Big Questions: Philosophy of Science Handout 3 Dr. H. Beebee Scientific Realism & Anti-Realism Introduction Scientific theories claim, or at least seem to claim, that the universe is populated by a host of entities that we cannot observe in any obvious sense: we have genes, quarks, curved space-time, the superego (if you think psychoanalysis is a science) etc. etc. Do we (including scientists) have any right to believe in such entities? Scientific realists say yes - such entities really do exist - while anti-realists say no. There are three basic positions which one can adopt on this issue: Realism: We have very good reason to believe that the unobservable entities postulated by well-confirmed theories exist. “Constructive empiricism”: We have no good reason to suppose that such entities exist. The evidence which supports scientific theories supports only the claim that such theories are “empirically adequate” - that what they say about observable entities is true. We have no reason to suppose that what they say about unobservable entities is true. Instrumentalism: This is a thesis about the meaning of “theoretical” terms (i.e. terms which appear to refer to unobservable entities). Instrumentalists claim that such terms don’t really refer to any such entities. A theory employing theoretical terms is really only “about” the observable world: what makes the theory true is the observable facts being the way the theory says they are. Theoretical terms are introduced into a theory only to make it simpler or more elegant. Their presence does not indicate any ontological commitment to unobservable entities “referred” to by the terms, since the terms don’t, despite initial appearances, refer to such entities.

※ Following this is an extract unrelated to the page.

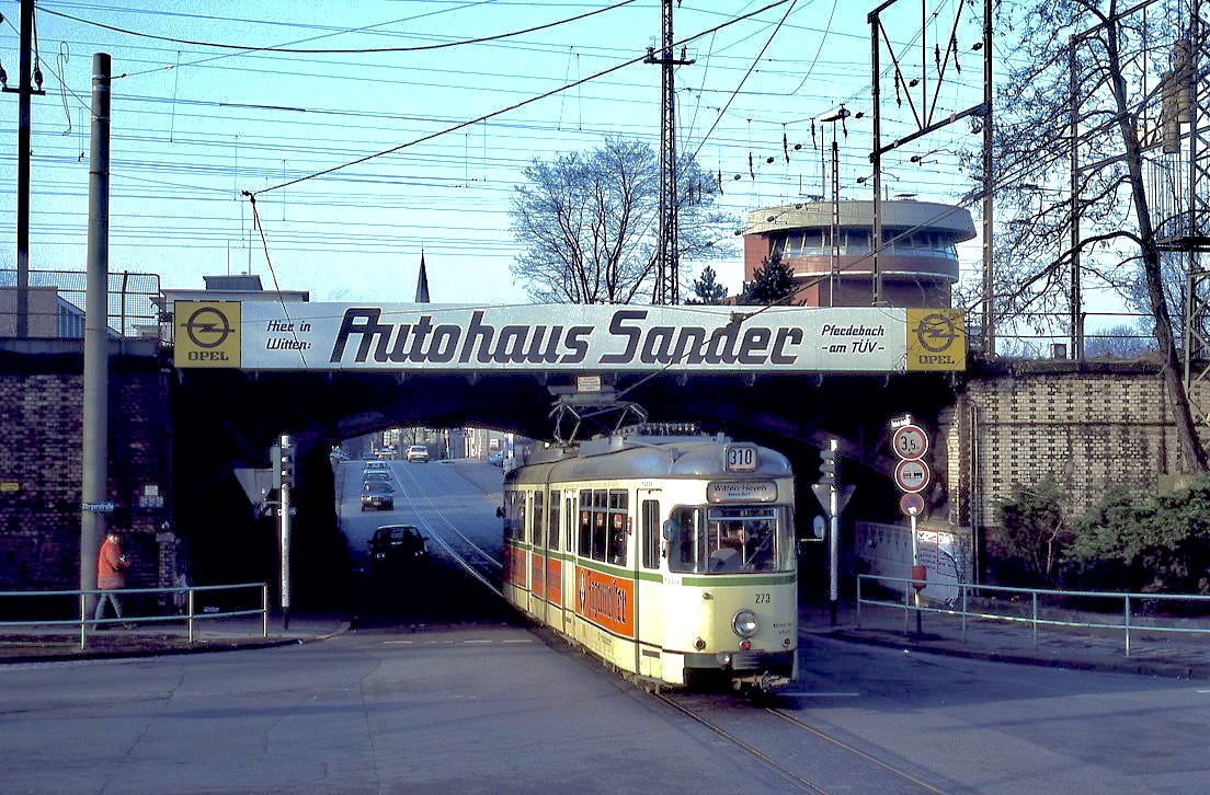 SSB Stuttgart__Gleis- und Tunnelbau__Fahrschulwagen GT4 402 kommt vom Hbf in Richtung Schloßplatz. Eine anspruchsvolle Übungsstrecke..._11-1974

For example, suppose that Quantum Mechanics makes a claim about the quantum state of a particular photon. None of the realist, constructive empiricist or instrumentalist need deny that Quantum Mechanics is a hugely successful theory for predicting and explaining the outcomes of all sorts of experiments. None of them think there’s anything wrong with Quantum Mechanics. Rather, they disagree over: (a) what the theory is really telling us about the world when it says that, say, the photon is in state S, (b) whether we have any good reason to believe this, and
(c) what the purpose of a theory like Quantum Mechanics is. Realism and constructive empiricism agree on (a): the theory is telling us exactly what it appears to be telling us, namely, that the photon really is in quantum state S. But they disagree on (b): the realist thinks we have every reason to believe what the theory says about the quantum state, whereas the constructive empiricist thinks we have no reason to believe it. Does it follow that the constructive empiricist takes rather a dim view of Quantum Mechanics? After all, if the aim of science is truth (and this is what the realist thinks), and we have no reason whatever to suppose that what current science tells us about the unobservable is true, it follows that we have no reason to suppose that Quantum Mechanics is doing what a scientific theory ought to be doing, namely, telling us the truth about the universe.

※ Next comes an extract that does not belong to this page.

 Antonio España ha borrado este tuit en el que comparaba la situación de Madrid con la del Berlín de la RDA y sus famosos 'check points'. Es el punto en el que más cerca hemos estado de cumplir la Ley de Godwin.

1 But the constructive empiricist does not take such a dim view of Quantum Mechanics because she does not believe that the aim of science is truth. Rather, she thinks the aim of science is empirical adequacy: what we want and need from scientific theories is not the whole truth, but merely the truth about observable phenomena. It doesn’t matter very much what a theory says about the unobservable, so long as it gets its predictions right. So we shouldn’t really be concerned that we’ve got no reason to believe what Quantum Mechanics says about the photon’s quantum state - so long as the observable consequences of this claim are borne out. Instrumentalism, on the other hand, disagrees with both realism and constructive empiricism over (a). According to instrumentalism, what Quantum Mechanics is really saying when it says that the photon is in quantum state S is merely that, if I were to make such-and-such a measurement, I would get so-and-so observable results. The terms “photon” and “quantum state” are not intended to refer to real features of the world; rather they have a purely instrumental role. “The photon is in state S” is just a more convenient and more elegant way of saying “doing this experiment would get you these results”. Both forms of anti-realism (instrumentalism and constructive empiricism)thus agree, against the realist, that the primary aim of science is to get to the truth about the observable world - that is, empirical adequacy.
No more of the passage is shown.